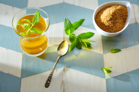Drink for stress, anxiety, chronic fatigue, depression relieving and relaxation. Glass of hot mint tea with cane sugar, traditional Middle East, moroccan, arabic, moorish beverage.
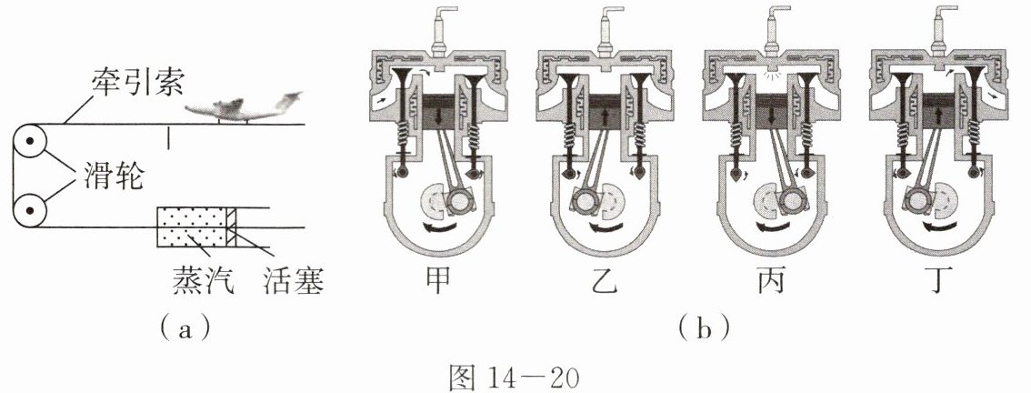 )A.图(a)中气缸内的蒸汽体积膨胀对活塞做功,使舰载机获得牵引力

::::::::

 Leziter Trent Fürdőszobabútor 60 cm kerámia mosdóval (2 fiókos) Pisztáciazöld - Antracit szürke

::::::::

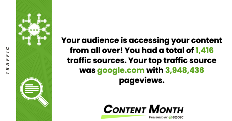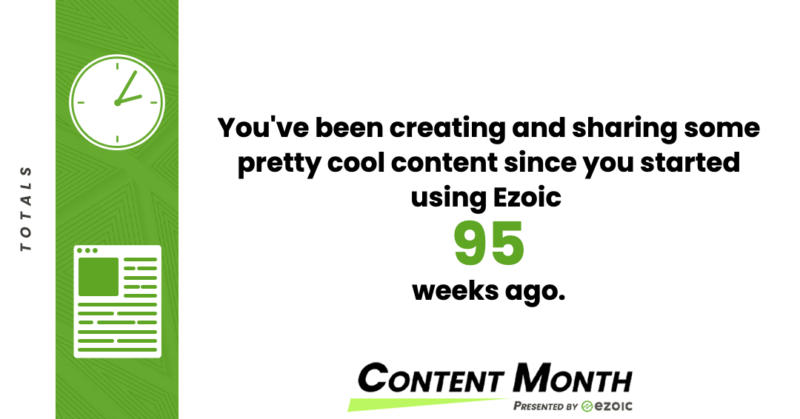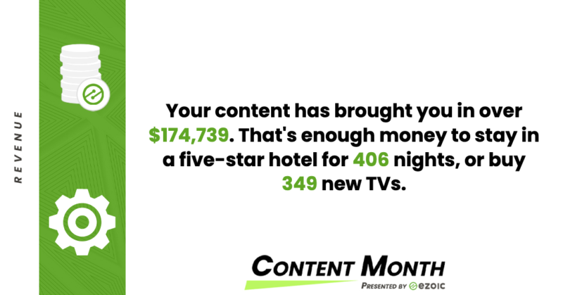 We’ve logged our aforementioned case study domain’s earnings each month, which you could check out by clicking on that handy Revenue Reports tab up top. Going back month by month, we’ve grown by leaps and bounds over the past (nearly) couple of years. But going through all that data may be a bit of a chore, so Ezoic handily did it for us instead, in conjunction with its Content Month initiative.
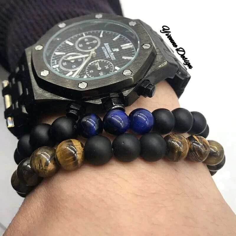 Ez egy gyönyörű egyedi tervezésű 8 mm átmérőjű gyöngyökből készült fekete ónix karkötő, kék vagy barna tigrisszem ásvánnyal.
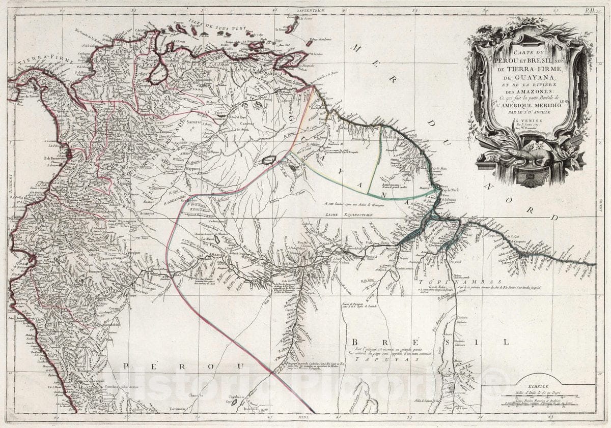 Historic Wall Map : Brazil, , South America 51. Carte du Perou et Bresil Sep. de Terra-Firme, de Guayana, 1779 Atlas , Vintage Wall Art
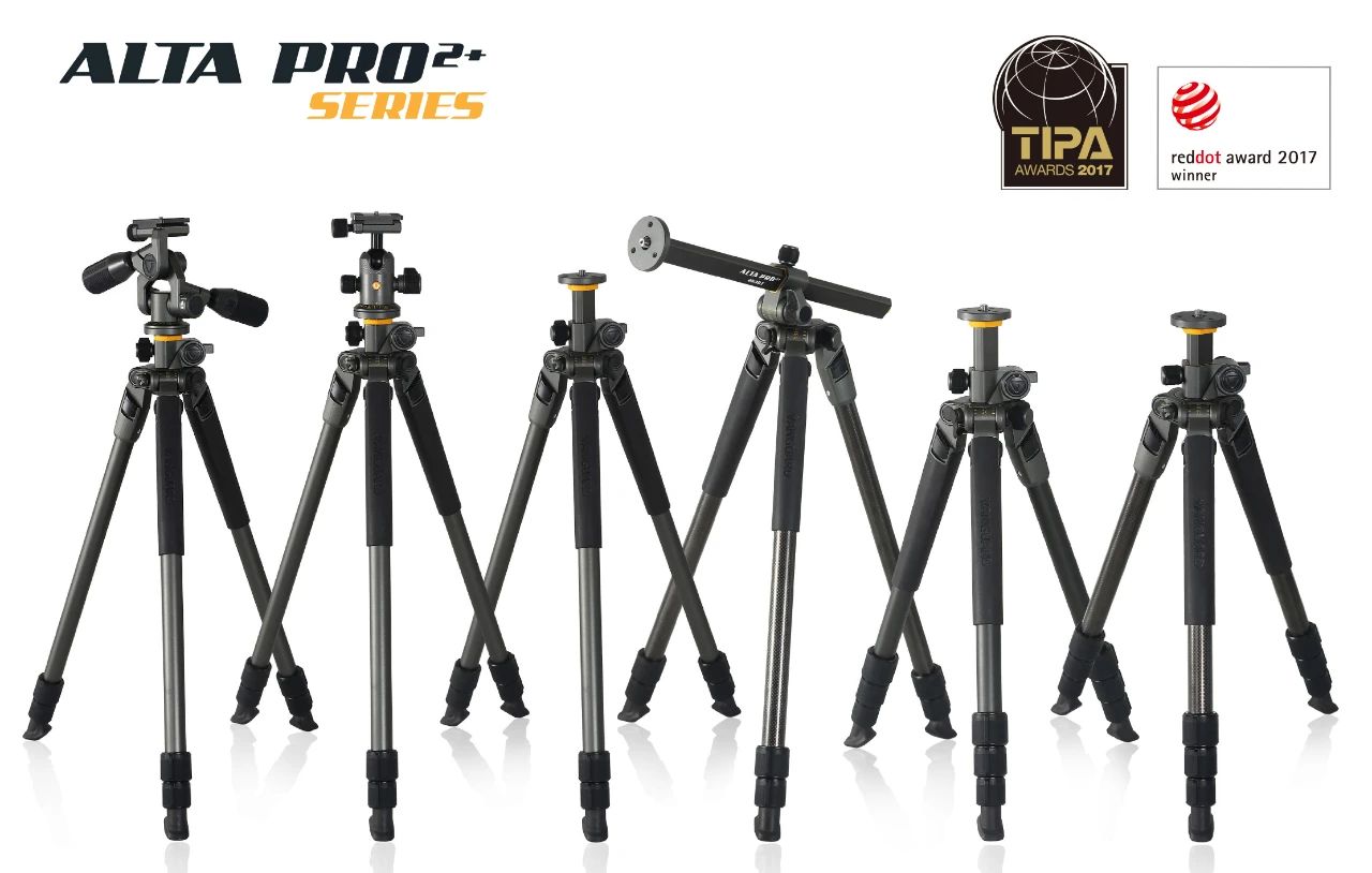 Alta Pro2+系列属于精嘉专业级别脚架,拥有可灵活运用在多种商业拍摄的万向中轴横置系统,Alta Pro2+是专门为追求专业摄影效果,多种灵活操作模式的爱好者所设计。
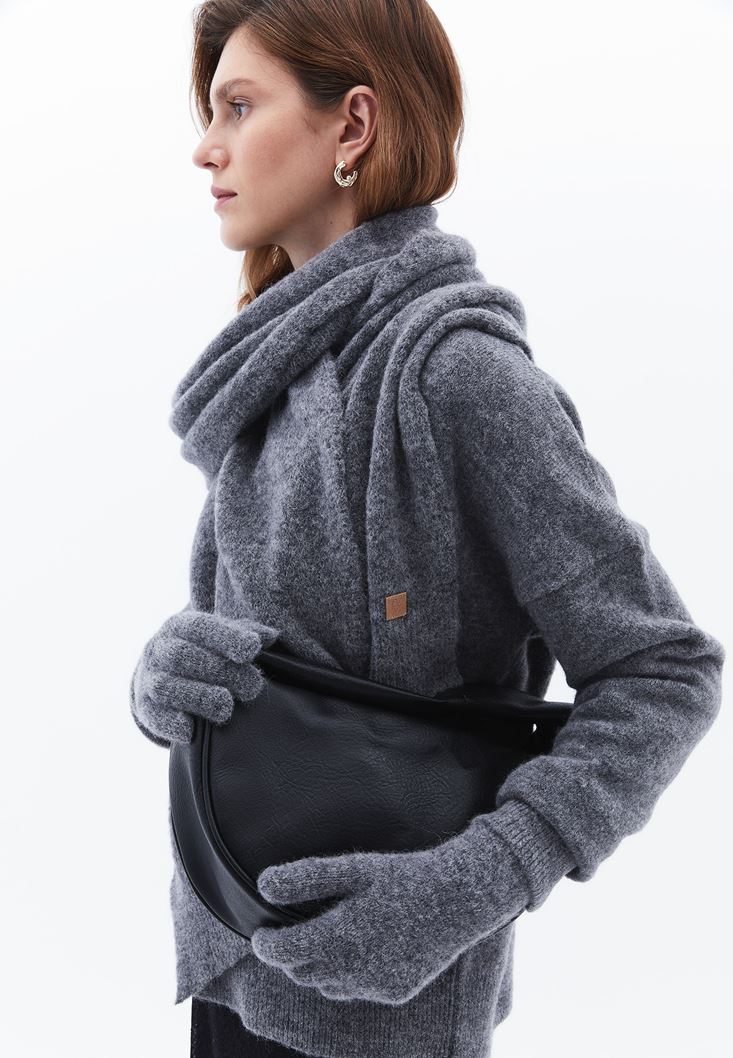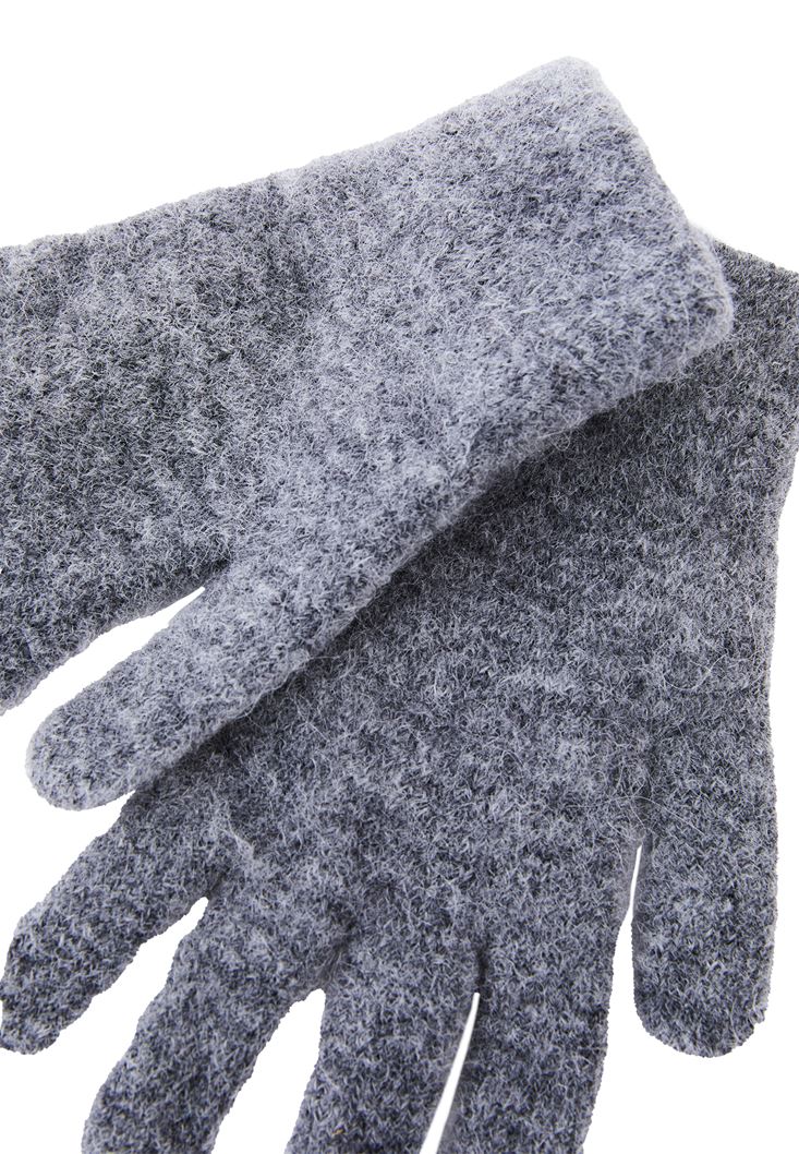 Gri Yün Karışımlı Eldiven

::::::::

### Task:
In the entries above, every line from the line with "Historic Wall Map" to the line with "Gri Yün Karışımlı Eldiven" is to be printed exactly, with both ends included and pictures excluded.

### Expected answer:
 Historic Wall Map : Brazil, , South America 51. Carte du Perou et Bresil Sep. de Terra-Firme, de Guayana, 1779 Atlas , Vintage Wall Art
 Alta Pro2+系列属于精嘉专业级别脚架,拥有可灵活运用在多种商业拍摄的万向中轴横置系统,Alta Pro2+是专门为追求专业摄影效果,多种灵活操作模式的爱好者所设计。
 Gri Yün Karışımlı Eldiven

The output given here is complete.